If ceftriaxone is unavailable, there are 2 alternative regimens: gentamicin 240 mg IM in a single dose, plus azithromycin 2 g po in a single dose; or cefixime 800 mg po in a single dose.1 However, these alternatives are not recommended for gonococcal infection of the pharynx, for which ceftriaxone should be used.
Counsel those treated for gonorrhea to avoid sexual activity for 7 days after treatment and until all sex partners have been treated. Because of the high rates of asymptomatic infections, tell patients to refer those with whom they have had sexual contact during the previous 60 days for evaluation, testing, and presumptive treatment.

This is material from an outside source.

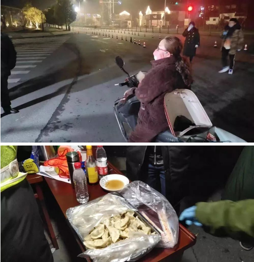 2月4日晚上将近10点,诸暨五泄镇路口防疫执勤的一线工作人员吃到了热心市民送来的热乎乎的蒸饺,让执勤人员感到非常暖心。

Following treatment with the recommended dose of ceftriaxone, performing a test of cure is not recommended, with 1 exception: those with confirmed pharyngeal infection should be tested to confirm treatment success 7 to 14 days after being treated. However, all those treated for gonorrhea should be seen again in 3 months and retested to rule out reinfection, regardless of whether they think their sex partners have been adequately treated.
Chlamydia
The recommended first-line therapy for chlamydia is now doxycycline 100 mg twice a day for 7 days, which has proven to be superior to azithromycin (which was recommended as first-line therapy in 2015) for urogenital chlamydia in men and anal chlamydia in both men and women.1,2 Alternatives to doxycycline include azithromycin 1 g po as a single dose or levofloxacin 500 mg po once a day for 7 days.1 No test of cure is recommended; but as with gonorrhea, retesting at 3 months is recommended because of the risk for re-infection.
Instruct patients treated for chlamydia to avoid sexual intercourse for 7 days after therapy is initiated or until symptoms, if present, have resolved. To reduce the chances of reinfection, advise treated individuals to abstain from sexual intercourse until all of their sex partners have been treated.